#### AIM OF THE EXERCISE:
Below this line are records; write out exactly the lines from the one containing "Этот апплет имеет" through the one containing "Bunu, %22,8 ile", with the pictures left out.
━━ RECORDS SHOWN
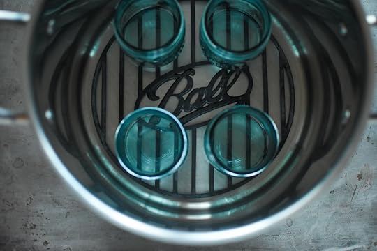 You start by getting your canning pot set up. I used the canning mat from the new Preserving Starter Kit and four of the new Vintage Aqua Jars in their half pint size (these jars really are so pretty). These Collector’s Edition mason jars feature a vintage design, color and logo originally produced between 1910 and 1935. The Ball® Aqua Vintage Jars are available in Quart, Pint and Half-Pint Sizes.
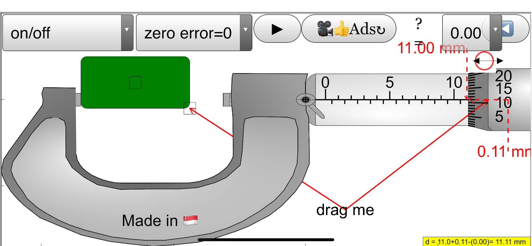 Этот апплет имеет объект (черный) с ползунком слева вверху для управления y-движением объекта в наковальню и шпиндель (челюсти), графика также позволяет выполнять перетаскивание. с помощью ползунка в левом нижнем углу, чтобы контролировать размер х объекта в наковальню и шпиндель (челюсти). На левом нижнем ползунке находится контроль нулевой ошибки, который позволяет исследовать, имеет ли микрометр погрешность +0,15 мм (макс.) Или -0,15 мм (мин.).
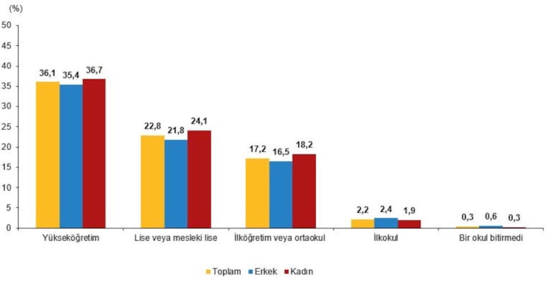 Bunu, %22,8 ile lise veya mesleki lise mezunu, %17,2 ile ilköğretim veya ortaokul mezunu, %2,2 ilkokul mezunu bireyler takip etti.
━━━━
━━ RECORDS SHOWN
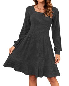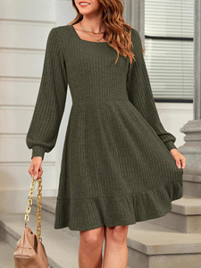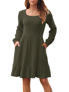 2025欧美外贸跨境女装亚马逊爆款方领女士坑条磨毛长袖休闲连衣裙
━━━━
━━ RECORDS SHOWN
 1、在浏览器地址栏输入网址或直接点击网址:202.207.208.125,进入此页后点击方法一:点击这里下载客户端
━━━━
#### SOLUTION TO THIS TASK:
 Этот апплет имеет объект (черный) с ползунком слева вверху для управления y-движением объекта в наковальню и шпиндель (челюсти), графика также позволяет выполнять перетаскивание. с помощью ползунка в левом нижнем углу, чтобы контролировать размер х объекта в наковальню и шпиндель (челюсти). На левом нижнем ползунке находится контроль нулевой ошибки, который позволяет исследовать, имеет ли микрометр погрешность +0,15 мм (макс.) Или -0,15 мм (мин.).
 Bunu, %22,8 ile lise veya mesleki lise mezunu, %17,2 ile ilköğretim veya ortaokul mezunu, %2,2 ilkokul mezunu bireyler takip etti.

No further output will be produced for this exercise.